Okay, here is the diet I made up. I’m no expert, but I’ve been on just about every diet there is with varying levels of success. I know what works for me and what doesn’t.
All of the foods allowed on the Romancing The Bee Diet (“RTBD”) are low (below 55) on the Glycemic Index (GI).
The GI is a numerical system of measuring how much of a rise in circulating blood sugar a carbohydrate triggers–the higher the number, the greater the blood sugar response. So a low GI food will cause a small rise, while a high GI food will trigger a dramatic spike. A GI of 70 or more is high, a GI of 56 to 69 inclusive is medium, and a GI of 55 or less is low.
For me, a food with a low GI keeps me satisfied longer and naturally suppresses my appetite. The variety of foods allowed enables me to still cook creatively!
Foods allowed on the RTBD are listed below. If it’s not on the list, I’m not going to eat it!!

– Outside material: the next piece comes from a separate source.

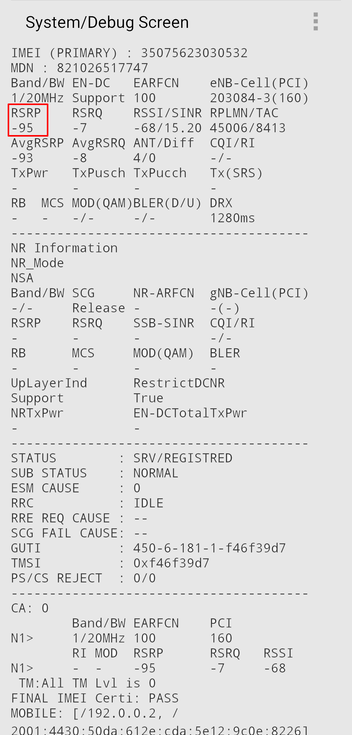 안드로이드 폰 기준 *123456# (아이폰 : *3001#12345#*)을 입력하시면 다음과 같은 창이 뜹니다. 여기서 RSRP 부분의 숫자를 확인하시면 되는데요.숫차가 높을 수록 데이터 수신 상태가 좋지 않다고 보시면 됩니다. -110이상인 경우에는 통화가 불가능 합니다.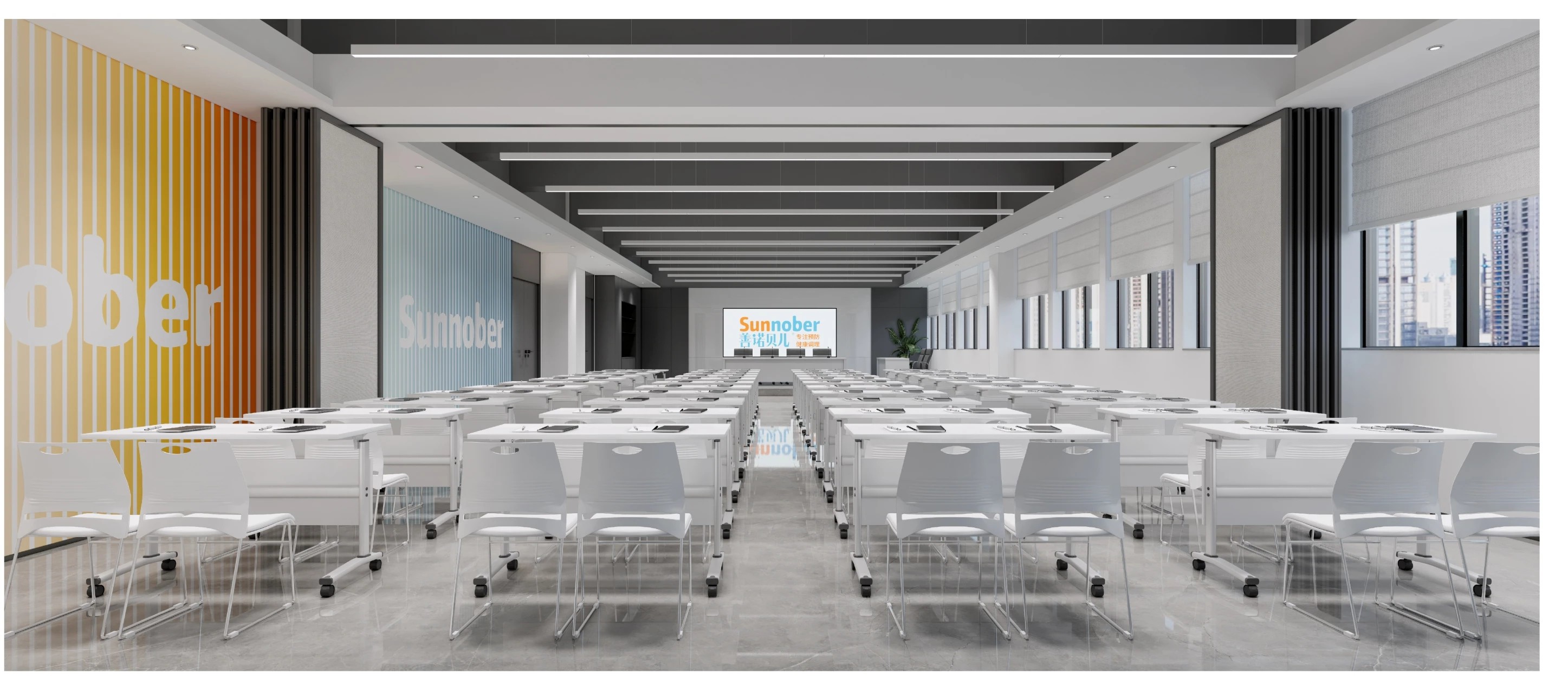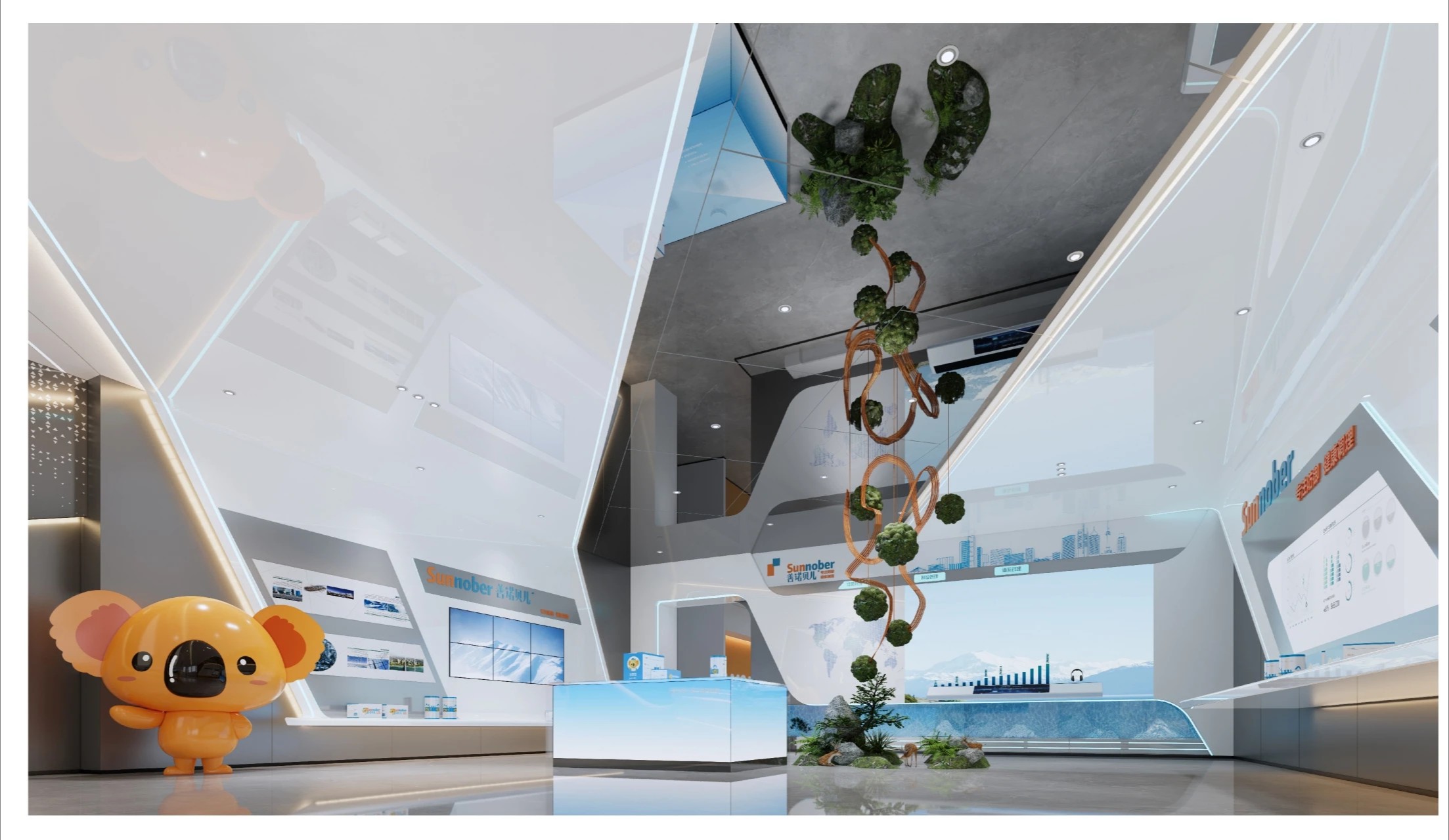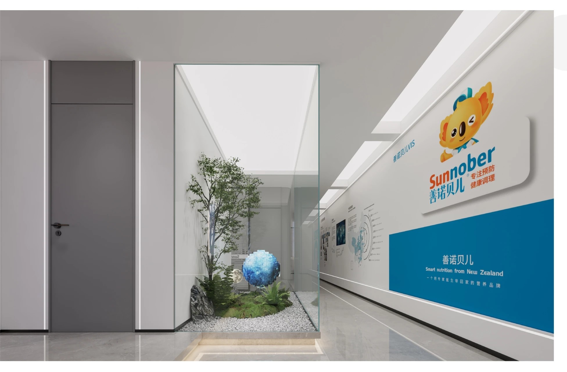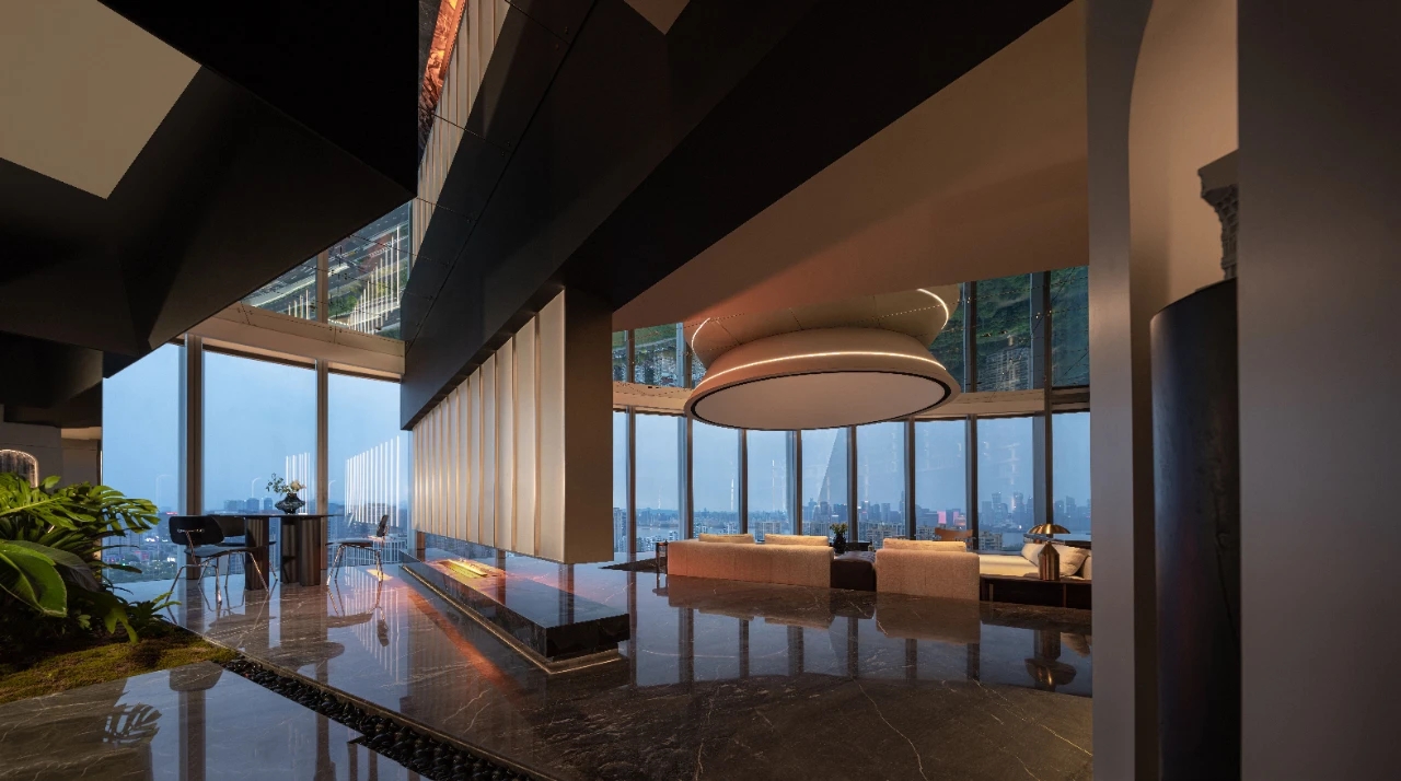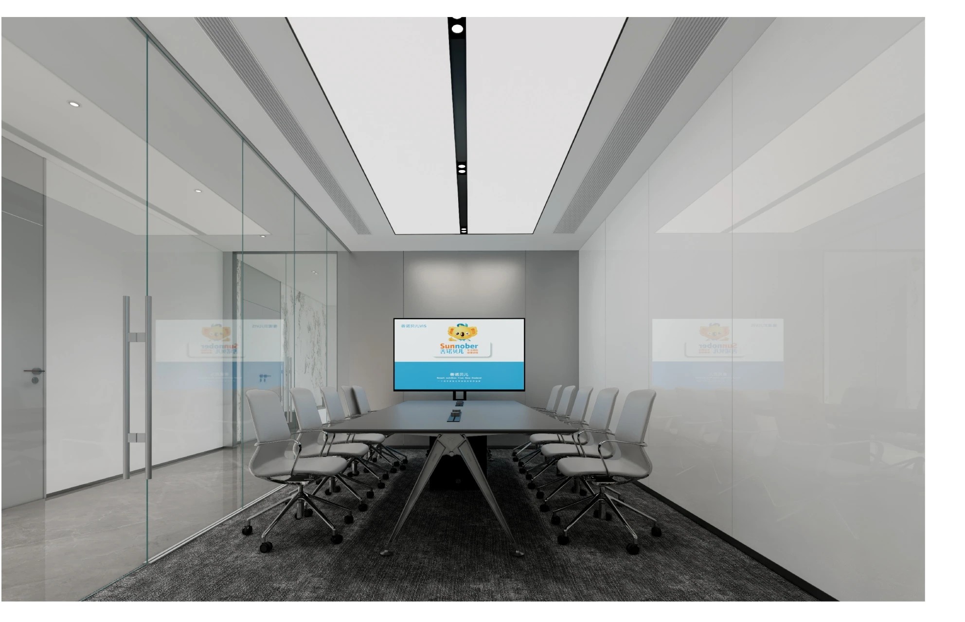 收纳吊柜作为空间区分的一环,位于下沉式区域旁。室内造景则营造出室内花园的氛围,将自然景色引入室内。长方形灯罩的吊顶设计,结合灯膜照明技术,呈现自然天光的光线效果。靠近窗户处设置的休闲桌椅,成为一处放松区域,让人在品茗观景中享受自然风光。软装办公区作为整个空间的重要组成部分,包括软装选样区、办公室等区域。在材质和造型上注重细节处理,通过墙面镜面材质实现空间过渡。软装选样区采用层层圆弧造型,结合线性光源和镜面衬托,强化空间的视觉延伸感。

Lean meats such as beef, skinless chicken, lamb, pork loin and veal – 8 ounces per day, OR
Any type of seafood without breading or batter – 8 ounces per day, OR
Three eggs per day (3 ounces), OR
Any combination of the above, not to exceed a total of 8 ounces of protein per day.
One grapefruit per day
One lemon per day
Apples or pears – two per day, total.
Non-starchy vegetables such as spinach, asparagus, broccoli, cauliflower, brussels sprouts, mushrooms, cabbage, salad greens, winter greens, onions, and garlic. (unlimited)
1 avocado per day
2 tablespoons raw honey
2 tablespoons olive oil or butter (not light) or mayonnaise made with olive oil (not light), or a combination of these, not to exceed two tablespoons total.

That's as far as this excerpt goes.